Soft light, or diffused light, is light that has been scattered before it reaches the subject – like sunlight filtered through clouds or a light bounced off a reflective white surface. This light produces less contrast and fewer harsh shadows. Soft light is more appropriate for romantic scenes, or in creating an angelic setting or tone.
Highlight the Subject
Use light to emphasize the subject of the photo. Viewers’ eyes will naturally be drawn to the best-lit areas of a scene first. Use your strongest, main light to highlight the element or elements of a scene you want to have the most emphasis.
Photo © Everett Collection Inc. – Dreamstime
Add depth of field
Next add fill lights to help achieve a 3-dimensional effect in a 2-dimensional medium. Add lights to elements in the foreground, middle ground and background to differentiate the three planes. Add edge lighting to elements to help separate them from other object in the scene.
Go low or high key
Light can also induce a mood or tone in a picture.
High key lighting is a technique to reduce the lighting ratio – or the amount of contrast from bright to dim of the lights used – resulting in the loss of shadows and a smoothly lit scene. The use of high key lighting produces an upbeat, angelic, or other worldliness feel.
Low key lighting is the opposite. This lighting technique produces strong contrasts between the light and shadows with a sharp drop off around the subject. In a scene, this producing a dark and foreboding effect. Or use this technique to produce a dramatic or tension filled environment.
Light elements of the scene
Make scenes more realistic by adding lights to elements outside of the main subject that would naturally be a light source. Light the candles on the back table, or turn the desk lamps on to create a richer and more visually textured scene. Add light points to a forest scene to simulate lightning bugs on a warm summer evening. Your use of light elements is limited only by your imagination – and the more you include the more magical it will be for the viewer.
Photo © Leo Lintang – Dreamstime
Use the right light
Imitating natural light sources – like sunlight, moonlight, or street lamps – produces a more real-life scene for your images. A soft warm light source bounce off white reflectors will give the appearance of sunlight, while adding a blue gel and turning down the intensity will feel more like a magical moonlit evening. Shine a light through the diner window to simulate a streetlamp at night.
Make it colorful All light has a color tint. Natural sunlight is warm and causes a yellow or orange tint. Florescent and tungsten artificial lights are cold and will produce a blue tint. And any light can be transformed with the use of gels. Adding contrasting colors on various elements of a scene will make them more visually differential and interesting, and will help to draw attention to them.
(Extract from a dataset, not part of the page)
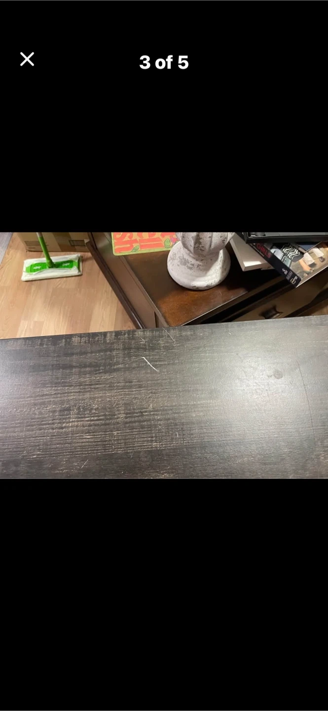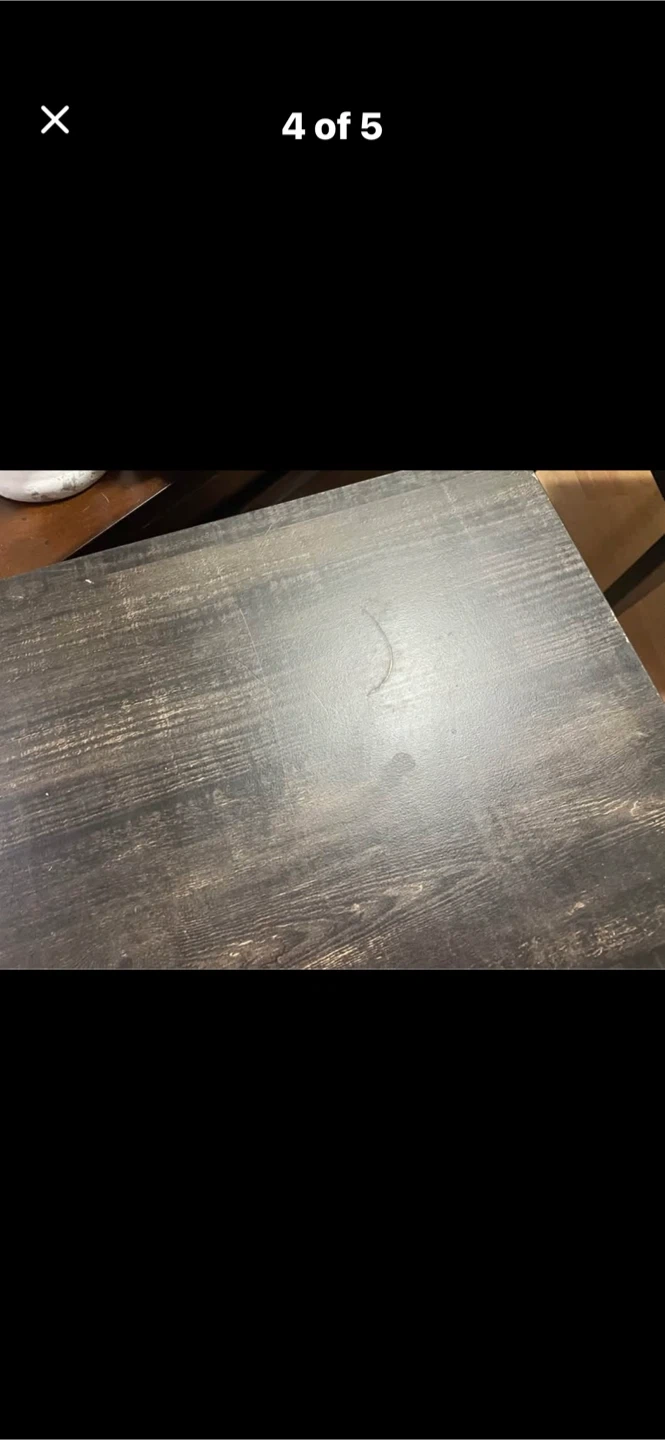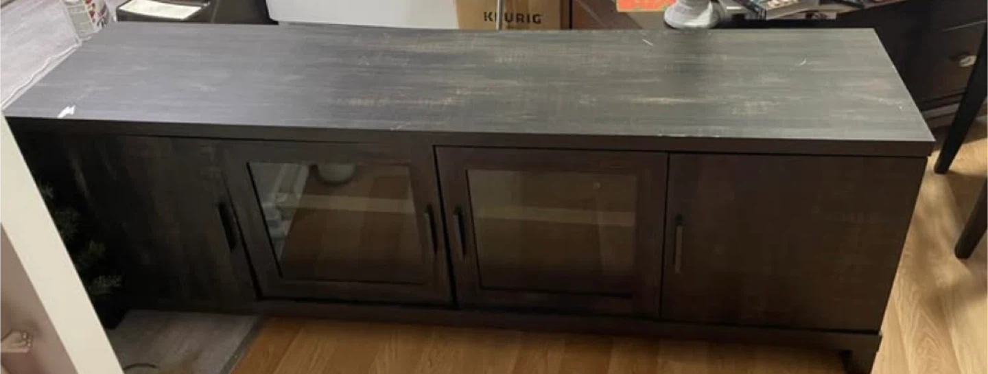 This dark wood media console features a rustic, distressed finish. It has four doors, two with glass panels, providing ample storage. It's perfect for organizing your entertainment centre.

Photo © Patrizio Martorana – Dreamstime
Add drama and texture
Add texture to your lights by shooting through interesting shapes to add complex light and shadow patterns. Add vertical slats over your light to imitate widow blinds, add tree branches in your forest scenes, or shoot through a mesh grid when simulating an institution or prison scene.
Make use of shadows
While we often look into the light for the subject of a scene, making shadows a great place to hide things in plain sight. Tuck your hidden messages or demons into the shadows and challenge the viewer to find your secrets. Shoot the dark side of a subject by capturing the shadows at play as opposed to the brightly lit side.
Photo © Karen Foley – Dreamstime
While following these simple guidelines may not help you win an Academy Award for lighting, they are sure to make the next footage you shoot more dramatic and compelling.